This is a python implementation for trace reconstruction with marker code [1] in the context of DNA-based data storage. You can run it directly with either the CNR dataset [2] or a simple simulated IDS channel. A derivation for relevant formulas is also provided.
pip3 install -r requirements.txt
# Run simulation
python3 main-sim.py
# Or test on the CNR dataset
python3 main-cnr.py
It will take some time if you choose to test on the CNR dataset using the provided configuration. To have a quick start, you may be more willing to run the simulation. Also, please refer to the configuration files to customize your experiments. The results and statistics will be available in ./data
after the program terminates.
- python3
- numpy
- matplotlib
- tqdm
- yaml
For available configurations for experiments, please check config-cnr.yaml and config-sim.yaml.
A derivation for relevent formulas is available, with LaTeX source.

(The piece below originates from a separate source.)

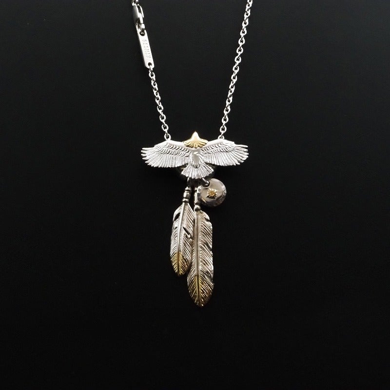 5. 極小ヤングイーグル×フェザー×メタルチャーム/ネックレスカスタム(コンビ)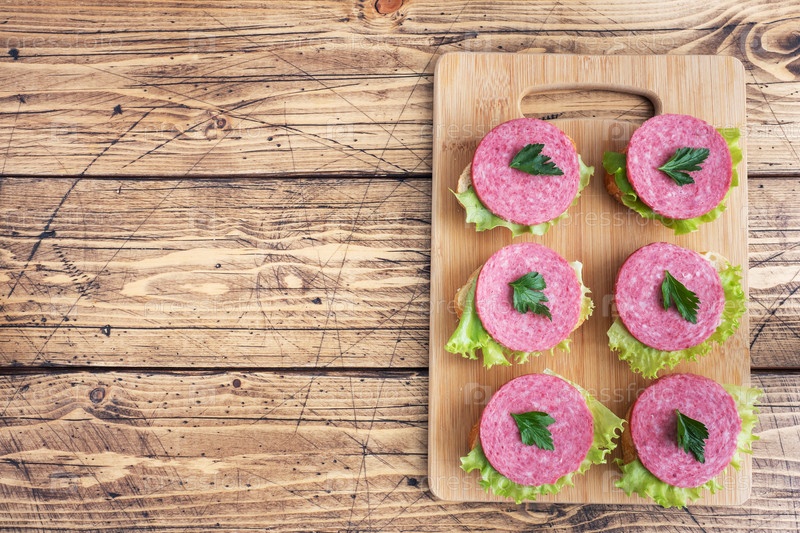 Бутерброды с листьями салата и нарезанной колбасой салями на деревянной доске. пространство для копирования вид сверху

- Learn the properties of IDS channels with EM algorithm.
I am grateful to Prof. Djordje Jevdjic for his module CS6219 (22/23-SEM1). It is both inspiring and interesting. I must also thank Prof. Gim Hee Lee for the great module CS5340 (22/23-SEM1), which is really rewarding.
[1] E. A. Ratzer, “Marker codes for channels with insertions and deletions,” Ann. Télécommun., vol. 60, no. 1–2, pp. 29–44, Feb. 2005, doi: 10.1007/BF03219806.
[2] S. R. Srinivasavaradhan, M. Du, S. Diggavi, and C. Fragouli, “Symbolwise MAP for Multiple Deletion Channels,” in 2019 IEEE International Symposium on Information Theory (ISIT), Paris, France, Jul. 2019, pp. 181–185. doi: 10.1109/ISIT.2019.8849567.
[3] C. M. Bishop and N. M. Nasrabadi, Pattern recognition and machine learning, vol. 4. Springer, 2006.
[4] R. Durbin, S. R. Eddy, A. Krogh, and G. Mitchison, Biological sequence analysis: probabilistic models of proteins and nucleic acids. Cambridge university press, 1998.
[5] D. Lin, Y. Tabatabaee, Y. Pote, and D. Jevdjic, “Managing reliability skew in DNA storage,” in Proceedings of the 49th Annual International Symposium on Computer Architecture, New York New York, Jun. 2022, pp. 482–494. doi: 10.1145/3470496.3527441.
[6] M. C. Davey and D. J. C. Mackay, “Reliable communication over channels with insertions, deletions, and substitutions,” IEEE Trans. Inform. Theory, vol. 47, no. 2, pp. 687–698, Feb. 2001, doi: 10.1109/18.910582.
[7] S. R. Srinivasavaradhan, S. Gopi, H. D. Pfister, and S. Yekhanin, “Trellis BMA: Coded trace reconstruction on IDS channels for DNA storage,” in 2021 IEEE International Symposium on Information Theory (ISIT), 2021, pp. 2453–2458.